(631c) The Natural Stilbenoid Resveratrol and Its Derivatives' Inhibitory Capability Toward Alzheimer's Disease Associated Amyloid-β Protein Aggregation
Non-toxic, Aβ monomers are natural and non-harmful proteins that exist in human brain; however, after their self-assembly into aggregated species like oligomers, protofibrils and eventually fibrils, they become toxic and lead to neurodegeneration associated with Alzheimer’s disease (AD). AD is a top 10 cause of death in the United States and it is the only one that presently has no cure. Numerous studies on treatment of AD along with epidemiological evidence indicate that moderate consumption of red wine, which is abundant in the polyphenol resveratrol, might reduce the incidence of AD. Therefore, resveratrol becomes a potential drug target for AD. This study elucidates the ability of derivatives of the small molecule resveratrol, including piceatannol, oxyresveratrol and piceid, to inhibit the AD-associated Ab aggregation process.
First, the ability of resveratrol derivatives to inhibit the overall process of Aβ monomer aggregation into mature fibrils is evaluated using dot blotting with an antibody that binds to amyloid aggregate fibril structure. TEM images are also used to confirm inhibition as well as to identify morphological changes caused by the presence of compounds. Inhibition of the early stages of aggregation is examined using an oligomerization assay that employs SDS-PAGE with Western blot to determine the size of oligomers formed.
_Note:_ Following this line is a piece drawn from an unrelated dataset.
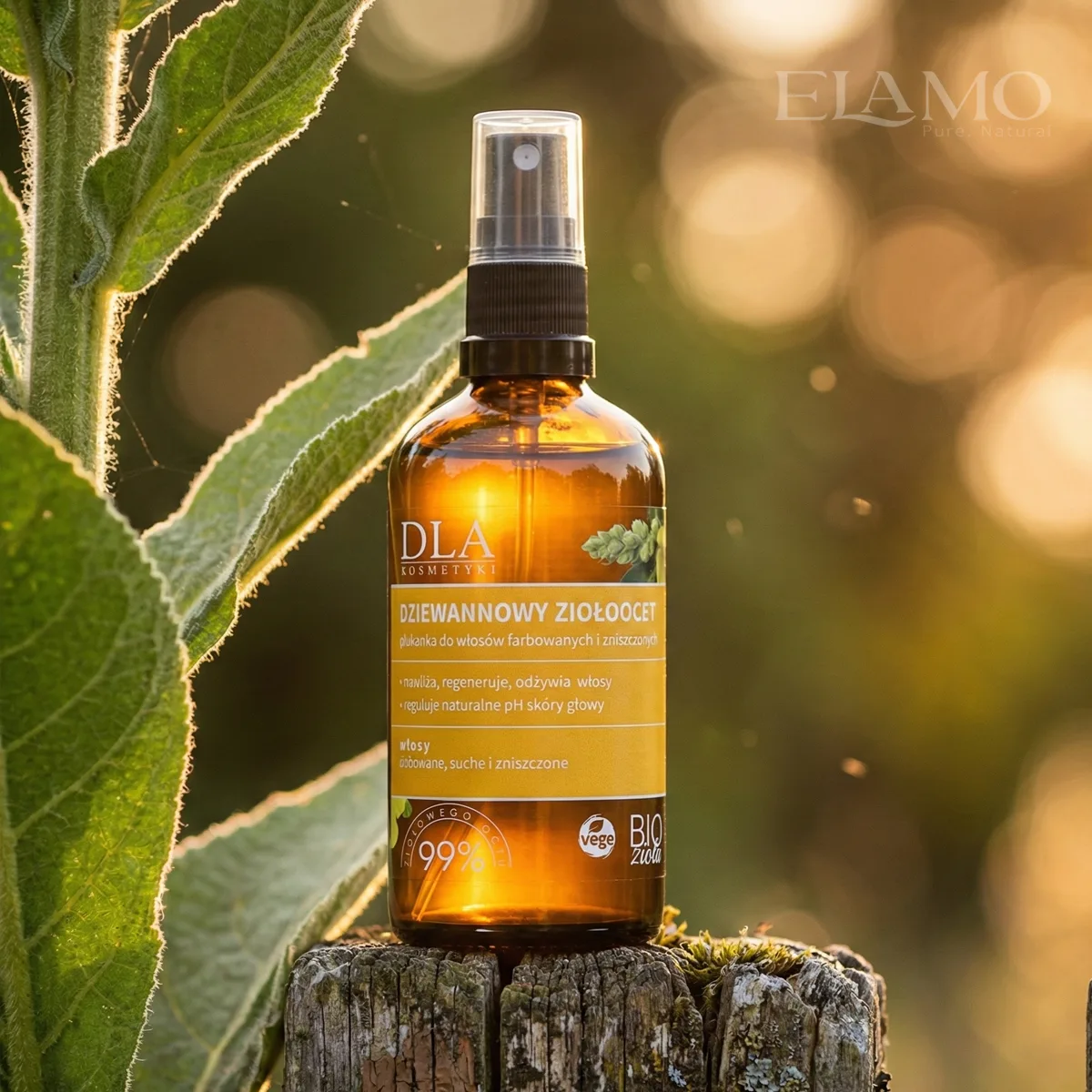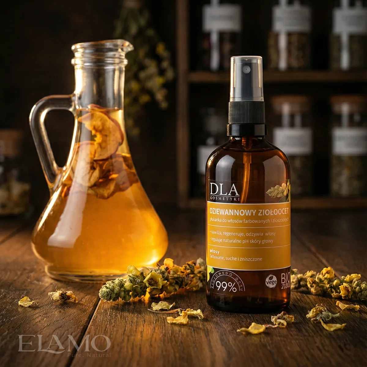 Jeśli Twoje włosy po farbowaniu, stylizacji na ciepło czy zimie są szorstkie, łamliwe i trudne do rozczesania, dziewannowy ziołoocet działa jak roślinny „top coat” –

Inhibition of later stages of aggregation is examined by evaluating the effect of compounds on soluble aggregate growth by elongation via monomer addition or lateral association of soluble aggregates. Here, dynamic light scattering is used to measure increases in aggregate hydrodynamic radius. Finally, these compounds’ ability to dissociate already formed Aβ fibrils into smaller species is tested by dot blot as described above.
Aggregation assays reveal that piceatannol exhibits the most promising inhibition of Aβ aggregation, with a 90% inhibition of fibril formation. In contrast, only oxyresveratrol has a slight effect on decreasing the amount of small oligomers (molecular weight 25-100kDa) and none of the compounds are capable of decreasing the amount of larger oligomers (molecular weight 100-250kDa). Interestingly, all of the compounds are effective inhibitors of soluble aggregate elongation; however, only piceatannol can effectively inhibit soluble aggregate association. Piceatannol also stimulates dissociation of Aβ fibrils, while other compounds have a limited effect.
The inhibitory capability of piceatannol and, to a lesser extent, other resveratrol derivatives on Aβ aggregation could in part explain the correlation between red wine consumption and a reduced incidence of AD. Piceatannol shows superior inhibitory ability in Aβ monomer aggregation, soluble aggregate elongation and association, and Aβ fibril dissociation. Therefore, this resveratrol derivative is the most promising compound for further study toward a therapeutic role in the treatment of AD.